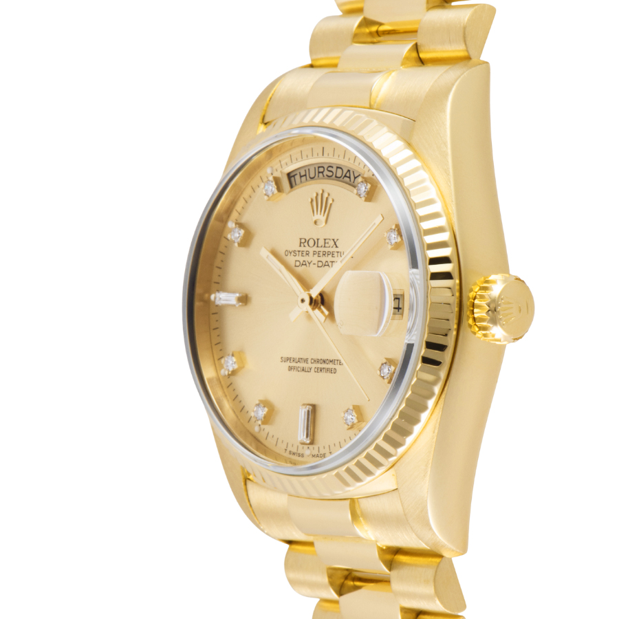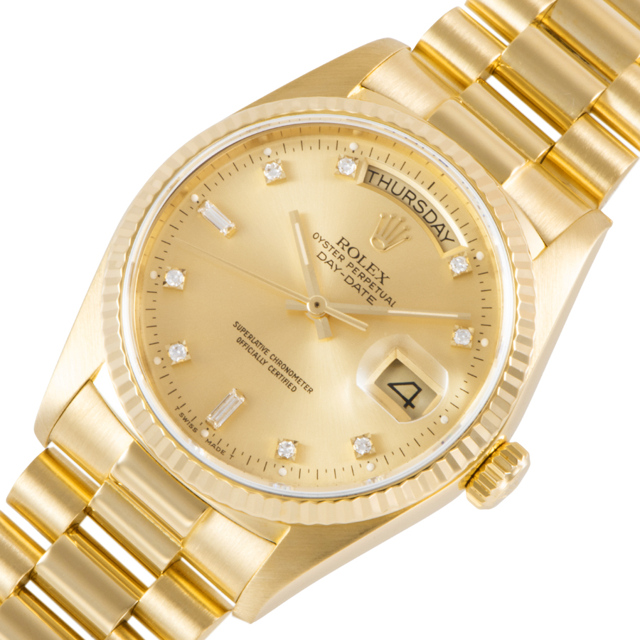 | 商品説明 | ☆ロレックスの最高峰ライン「デイデイト」。18Kイエローゴールド製ケースに、ダイヤモンドインデックスを添えた華やかな一本です。 36mmケースにフルーテッドベゼル、曜日と日付をフル表示するデイデイト機構を搭載。重厚感と品格を兼ね備えたデザインは、まさにステータスシンボル。 表示価格は現金価格となります。 通常ローンはご利用いただけます。 |
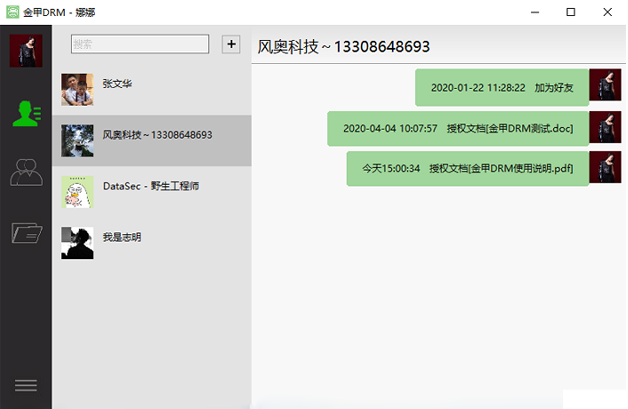 DRM系統(tǒng)簡(jiǎn)單安全易用,安裝好DRM系統(tǒng)之后,通過(guò)微信掃描二維碼登錄DRM系統(tǒng),進(jìn)入系統(tǒng)之后,添加需要接收文檔的同志為好友,添加好了之后,關(guān)閉;
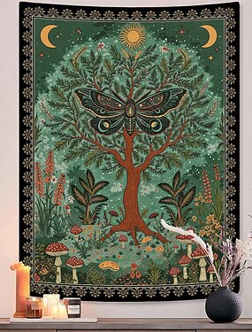 Arazzo vintage con falena, albero della vita, fungo, arazzo da parete, verde foresta, arte mistica celeste per camera da letto, soggiorno, arredamento per la casa

★ ★ ★ ★ ★

• [Task goal]
All of the data above should be quoted exactly, except for the pictures.

• [Solution to this exercise]
 | 商品説明 | ☆ロレックスの最高峰ライン「デイデイト」。18Kイエローゴールド製ケースに、ダイヤモンドインデックスを添えた華やかな一本です。 36mmケースにフルーテッドベゼル、曜日と日付をフル表示するデイデイト機構を搭載。重厚感と品格を兼ね備えたデザインは、まさにステータスシンボル。 表示価格は現金価格となります。 通常ローンはご利用いただけます。 |
 DRM系統(tǒng)簡(jiǎn)單安全易用,安裝好DRM系統(tǒng)之后,通過(guò)微信掃描二維碼登錄DRM系統(tǒng),進(jìn)入系統(tǒng)之后,添加需要接收文檔的同志為好友,添加好了之后,關(guān)閉;
 Arazzo vintage con falena, albero della vita, fungo, arazzo da parete, verde foresta, arte mistica celeste per camera da letto, soggiorno, arredamento per la casa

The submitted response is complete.